Chevron ditches last European fracking project in Romania

Reuters / Mike Blake
US energy giant Chevron is terminating its operations in Romania due to poor exploration results and prolonged protests by environmentalists.The withdrawal from this fracking project will mark the end of the company’s shale gas exploration in Europe.

Because of falling oil prices and underwhelming results in Europe, Chevron is now switching its focus to home soil. Last month, the company announced it was halting it projects in Poland, and terminated shale-gas agreements in Lithuania and Ukraine.

“That leaves Romania, where we are in the process of relinquishing our concession interests,” a Chevron spokesman told the Wall Street Journal, without specifying why it was relinquishing its interest in the country.
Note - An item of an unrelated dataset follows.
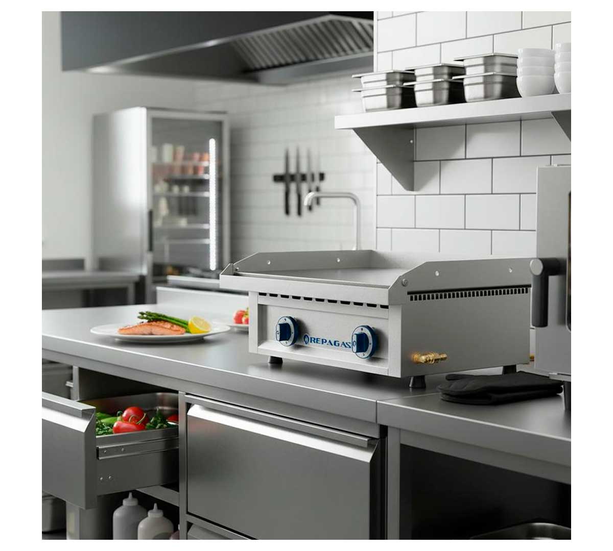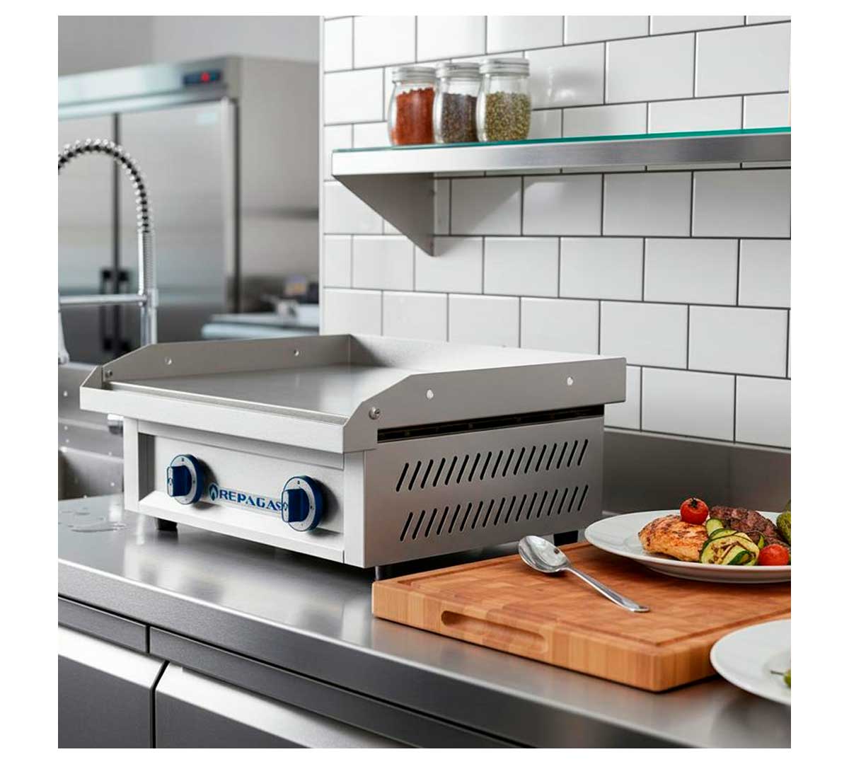 La Plancha Snack Line Serie 440 Placa Lisa de Acero PG-LR a Gas de Repagas está diseñada para garantizar la uniformidad y máxima temperatura de trabajo en todos sus puntos. La placa es lisa, está fabricada en acero rectificado y tiene un espesor de 12 mm.
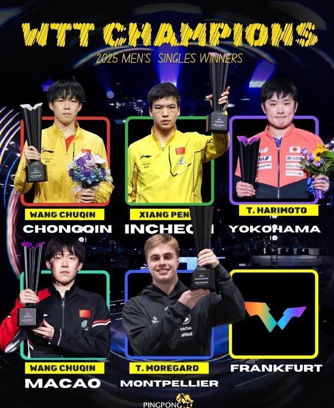 王楚钦领跑2025冠军赛男单冠军2025WTT冠军赛已落幕五站,王楚钦获得两站冠军:

The markets, meanwhile, are waiting for Chevron’s official announcement.

While the US Energy Information Administration had previously estimated that Romania could potentially recover enough gas to cover domestic demand for more than a century, the exploration failures resulted in the country’s prime minister, Victor Ponta, saying last year that it looks like Romania “does not have shale gas.”

Globally, Chevron’s 2014 failure rate stood at 30 percent, as compared to 18 percent in 2013, according to Bloomberg. Sixteen of the 53 wells the company drilled were found to have had no commercially viable quantities of oil or natural gas.

In other parts of Europe, such as Germany and France, fracking is under a moratorium, while the UK’s pursuit of the energy source is bound by strict regulations.

Chevron recently announced that it is cutting on capital and exploratory investments in 2015 by 13 percent to $35 billion.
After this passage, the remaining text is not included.